Cell Signaling | Morphogenesis & Cell Biology | Cytoskeleton
Intracellular polarity protein PAR-1 regulates extracellular laminin assembly by regulating the dystroglycan complex
Atsushi Suzuki*, Kazunari Yamashita, Yoshiko Amano, Maki Hirata, and Shigeo Ohno
*Corresponding author: Atsushi Suzuki
Department of Molecular Biology, Yokohama City University Graduate School of Medicine, Yokohama, Japan
F1000Posters 2010, 1: 109 (poster) [ENGLISH]
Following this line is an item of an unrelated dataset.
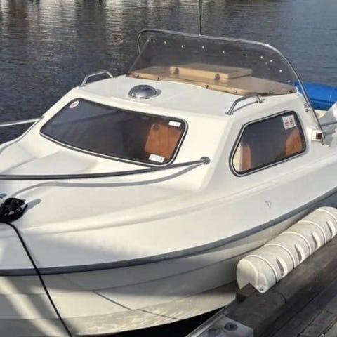 Står redo på släp att flyttas snarast. Släpet är gift med båthelvetet och medföljer i priset.
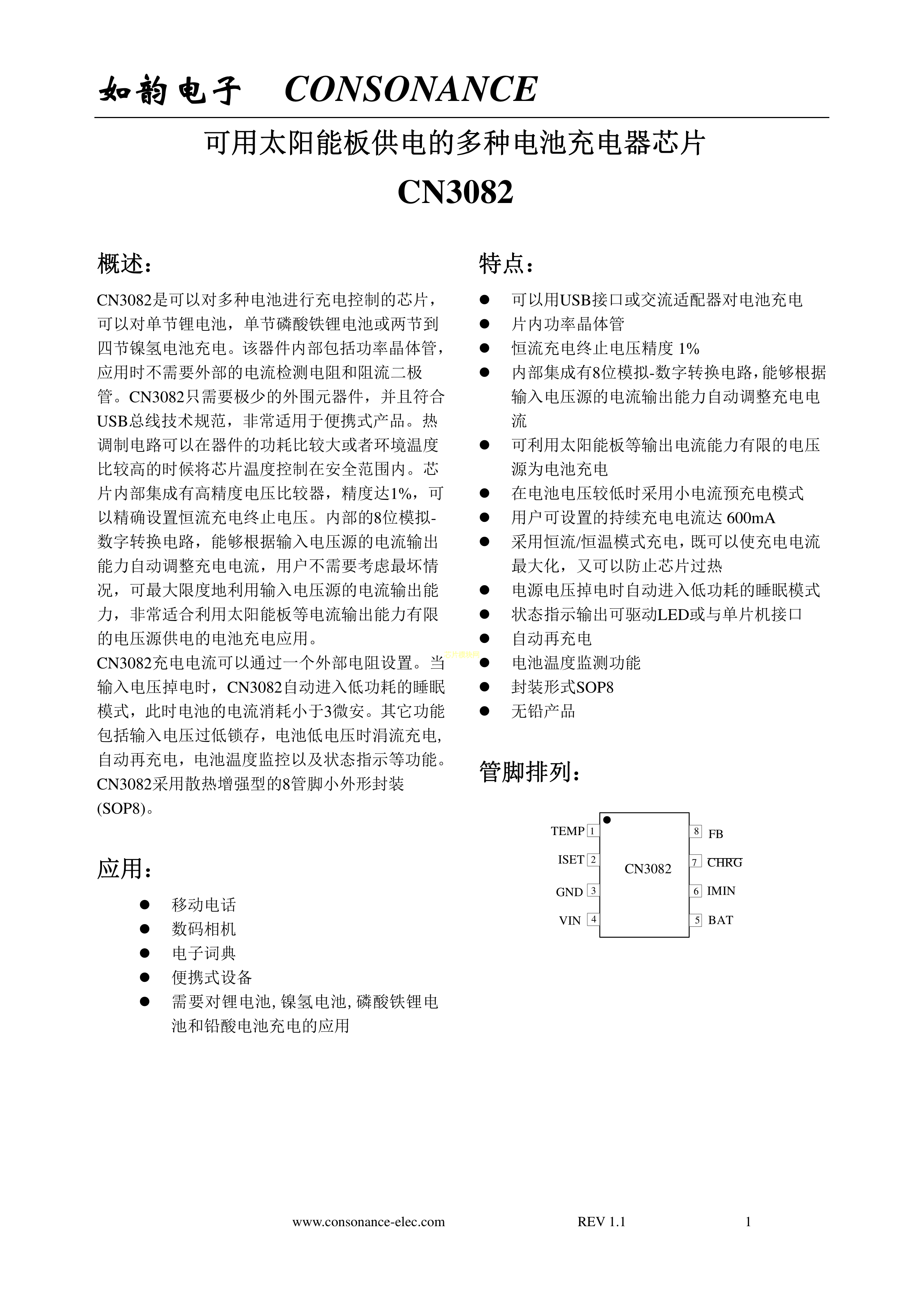 电池充电芯片CN3082PDF规格书,中英文下载

Poster [17.79 MB] | Resulting articles
Presented at
American Society of Cell Biology Annual Meeting 2009,
5 - 9 Dec 2009, 463/B410
Cell polarity depends on extrinsic spatial cues and intrinsic polarity proteins including PAR-aPKC proteins. In mammalian epithelial cells, cell-cell contacts provide spatial cues that activate the aPKC-PAR-3-PAR-6 complex to establish the landmark of the initial cellular asymmetry. PAR-1, a downstream target of the aPKC-PAR-3-PAR-6 complex, mediates further development of the apical and basolateral membrane domains. However, the relationships between the PAR-aPKC proteins and other extrinsic spatial cues provided by the extracellular matrix (ECM) remain unclear.
Here, we show that PAR-1 is required for the assembly of extracellular laminin on the basal surface of mammalian cultured epithelial cell line, MDCK cells. PAR-1 is also indispensable for the basolateral localization of the dystroglycan (DG) complex, one of the laminin receptors essential for basement membrane formation, suggesting that PAR-1b affects extracellular laminin assembly by regulating this receptor complex. Consistently, loss of PAR-1 impairs the formation of a functional DG complex containing normally glycosylated alpha-DG and the spectrin-like actin-binding protein, utrophin. Furthermore, PAR-1 physically interacts with the DG complex through direct binding to the spectrin-like repeats of utrophin, and an alanine mutation of PAR-1-mediated phosphorylation sites on utrophin reduced the interaction between utrophin and dystroglycan.
These results reveal the presence of a novel inside-out pathway in which an intracellular polarity protein regulates the ECM organization required for epithelial cell polarity and tissue morphogenesis.
No relevant conflicts of interest declared.